» Input data

BEGIN

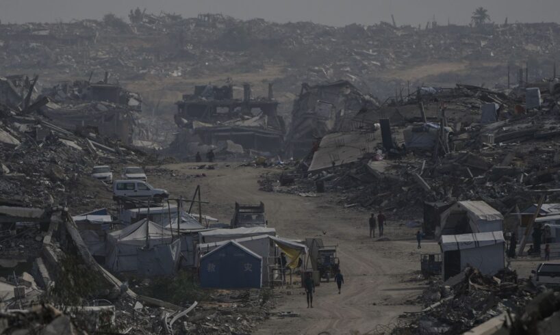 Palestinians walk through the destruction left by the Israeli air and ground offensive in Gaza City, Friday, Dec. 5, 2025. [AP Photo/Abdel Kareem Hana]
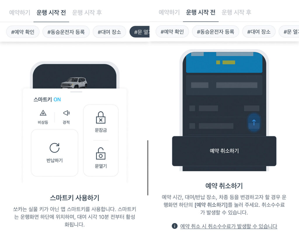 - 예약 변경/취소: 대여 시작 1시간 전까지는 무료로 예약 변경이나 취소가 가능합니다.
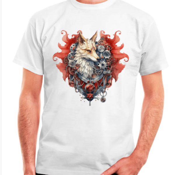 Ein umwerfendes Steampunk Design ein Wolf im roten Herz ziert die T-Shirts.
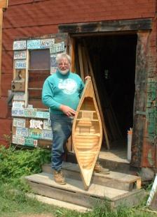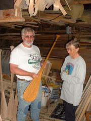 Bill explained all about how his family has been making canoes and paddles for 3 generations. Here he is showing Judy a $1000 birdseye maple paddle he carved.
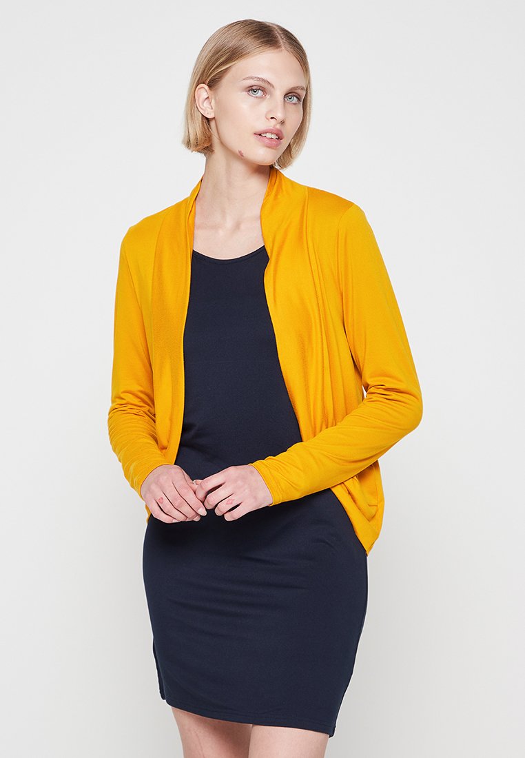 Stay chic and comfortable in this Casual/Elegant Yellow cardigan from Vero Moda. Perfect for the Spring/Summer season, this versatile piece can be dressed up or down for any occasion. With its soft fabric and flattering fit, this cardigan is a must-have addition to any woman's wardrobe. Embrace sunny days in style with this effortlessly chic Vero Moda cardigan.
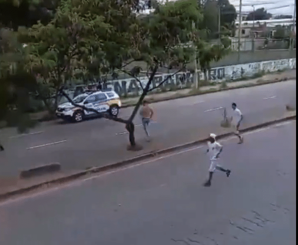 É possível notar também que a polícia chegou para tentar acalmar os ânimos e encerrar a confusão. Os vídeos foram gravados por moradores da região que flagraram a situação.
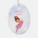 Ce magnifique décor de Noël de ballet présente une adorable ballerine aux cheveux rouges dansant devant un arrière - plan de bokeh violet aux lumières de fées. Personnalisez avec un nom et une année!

END
BEGIN

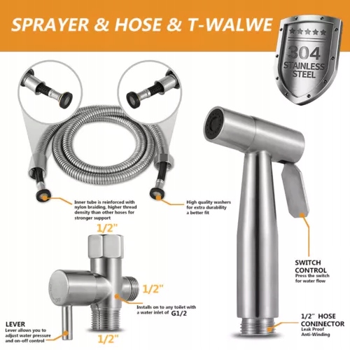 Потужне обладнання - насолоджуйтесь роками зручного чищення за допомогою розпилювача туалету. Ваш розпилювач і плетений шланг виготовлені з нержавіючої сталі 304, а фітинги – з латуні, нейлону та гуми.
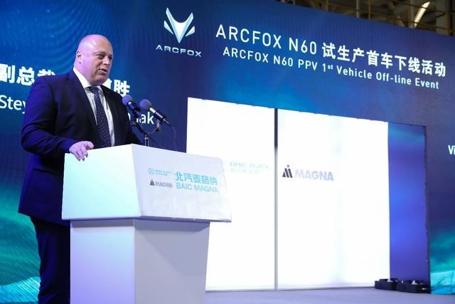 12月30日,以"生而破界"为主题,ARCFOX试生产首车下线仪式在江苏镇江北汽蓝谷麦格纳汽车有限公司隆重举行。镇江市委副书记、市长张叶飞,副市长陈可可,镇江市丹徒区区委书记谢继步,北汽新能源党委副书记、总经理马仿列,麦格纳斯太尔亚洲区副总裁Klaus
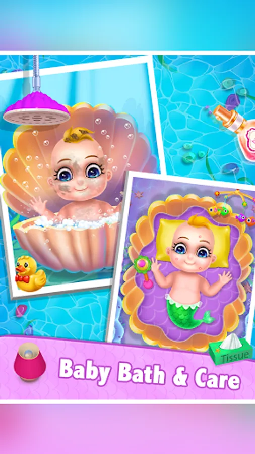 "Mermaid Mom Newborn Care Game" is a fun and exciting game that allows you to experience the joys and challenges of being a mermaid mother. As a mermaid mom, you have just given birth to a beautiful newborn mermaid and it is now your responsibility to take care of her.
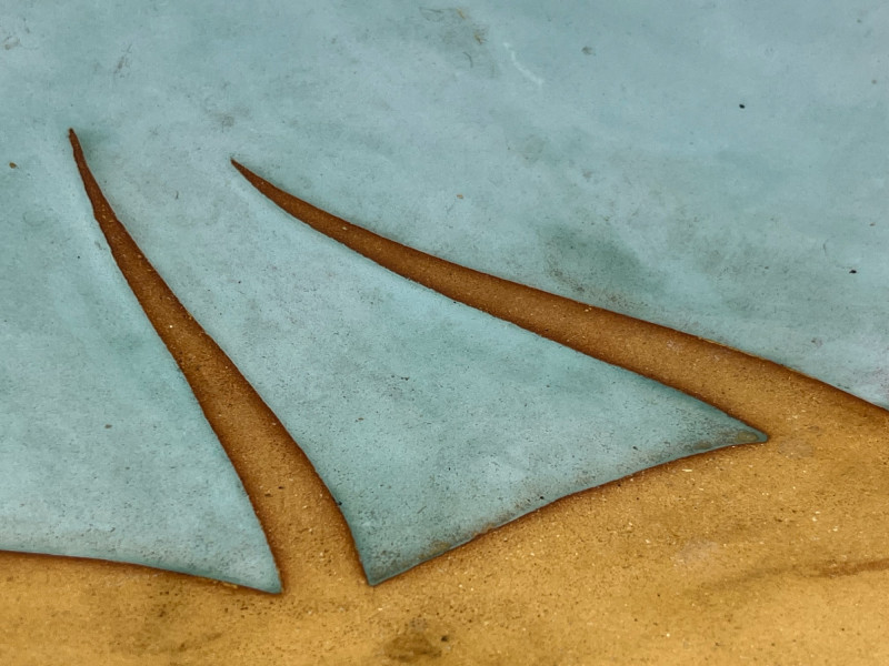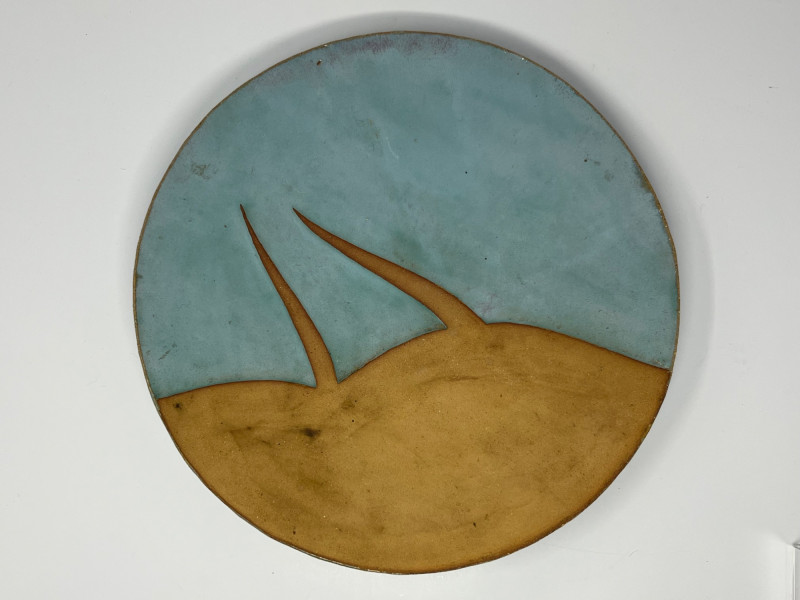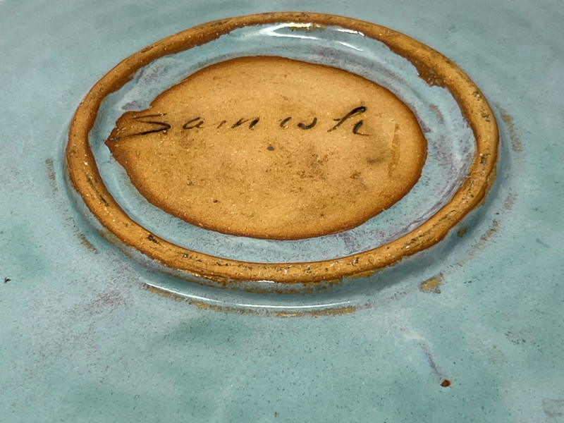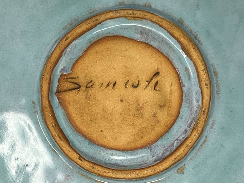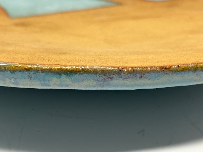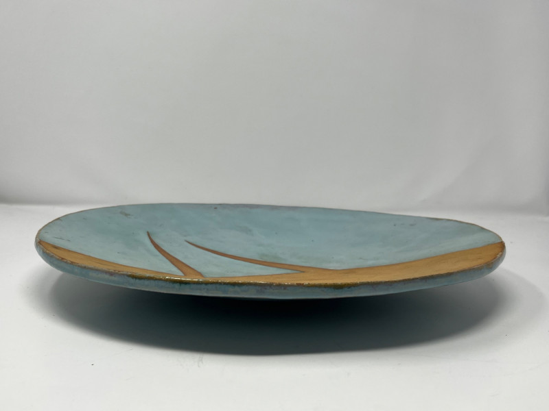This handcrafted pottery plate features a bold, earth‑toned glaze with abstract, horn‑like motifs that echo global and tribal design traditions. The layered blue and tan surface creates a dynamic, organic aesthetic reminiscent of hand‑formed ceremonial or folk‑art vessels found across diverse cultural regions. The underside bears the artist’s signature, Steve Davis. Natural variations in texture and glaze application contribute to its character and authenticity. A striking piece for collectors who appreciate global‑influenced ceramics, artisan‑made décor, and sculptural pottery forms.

END

» Exercise description
In the entries above, which lines run from the one with "Bill explained all" up to and including the one with "Stay chic and"? Write them out exactly, without the pictures.

» Result of this exercise
 Bill explained all about how his family has been making canoes and paddles for 3 generations. Here he is showing Judy a $1000 birdseye maple paddle he carved.
 Stay chic and comfortable in this Casual/Elegant Yellow cardigan from Vero Moda. Perfect for the Spring/Summer season, this versatile piece can be dressed up or down for any occasion. With its soft fabric and flattering fit, this cardigan is a must-have addition to any woman's wardrobe. Embrace sunny days in style with this effortlessly chic Vero Moda cardigan.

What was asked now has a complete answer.